Abstract
BACKGROUND AND OBJECTIVES: Heart rate variability (HRV) analysis, by conventional measures, for predicting the risk of atrial fibrillation (AF) has inherent shortcomings. Recently, nonlinear HRV analysis methods have been developed to reveal heart rate dynamics not evident from usual HRV measures. The purpose of this study was to test the hypothesis"heart rate dynamics are altered before the spontaneous onset of paroxysmal AF (PAF)"using algorithms derived from symbolic dynamics based on nonlinear system theory.
SUBJECTS AND METHODS: This study included 34 subjects (30 males, 59±9 years): 17 PAF patients and 17 gender and age-matched controls, who underwent 24-hour Holter ECG. The dynamics of one hour of normal sinus rhythm before the onset of AF were assessed using 4 different symbolization algorithms, and quantified by Shannon entropy (SE) and Renyi entropy (RE).

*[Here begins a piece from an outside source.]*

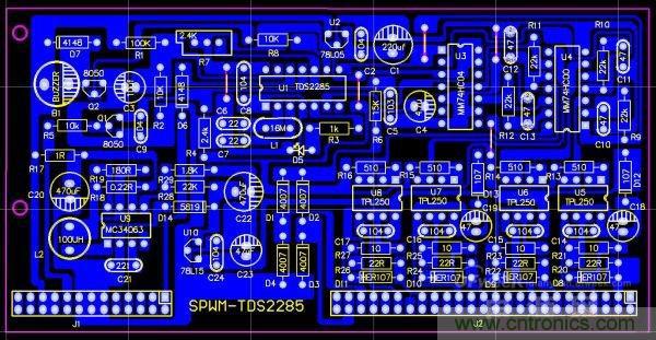 SPWM的驅(qū)動(dòng)核心采用了單片機(jī)SPWM芯片TDS2285,所以,SPWM驅(qū)動(dòng)部分相對(duì)純硬件來講,比較簡單,制作完成后要調(diào)試的東西很少,所以,比較容易成功。

RESULTS: The SE, RE and Error-corrected SE (ECSE) were larger in the PAF than the control patients when the raw R-R data was assessed (Algorithm I). However, when reconstructed time series, expressed as the time difference between 2 successive R-R interval, were analyzed (Algorithm II, III and IV), the entropy of the PAF patients were consistently smaller than those of the controls. Of the 4 different symbolization algorithms, algorithms II and III showed a significant difference in the SE, ECSE and RE between the PAF and the control patients (p<0.05). The difference in the RE at q=4 was most significant (p<0.001). Of the various word patterns seen during analysis using algorithms II and III, a marker of heart rate variation, the frequency of (1,1,1) pattern, was two-fold higher than in the control patients. The frequency of this pattern was 1.5-fold higher in the PAF patients when algorithm IV was used. These results suggest that a few specific word patterns are repetitive in a pathologic condition, such as PAF, and the heart rate dynamics were decreased in PAF.
CONCLUSION: HRV analysis by symbolic dynamics may be a useful adjunctive tool for the detection of abnormal heart rate dynamics as a pathophysiological mechanism of PAF.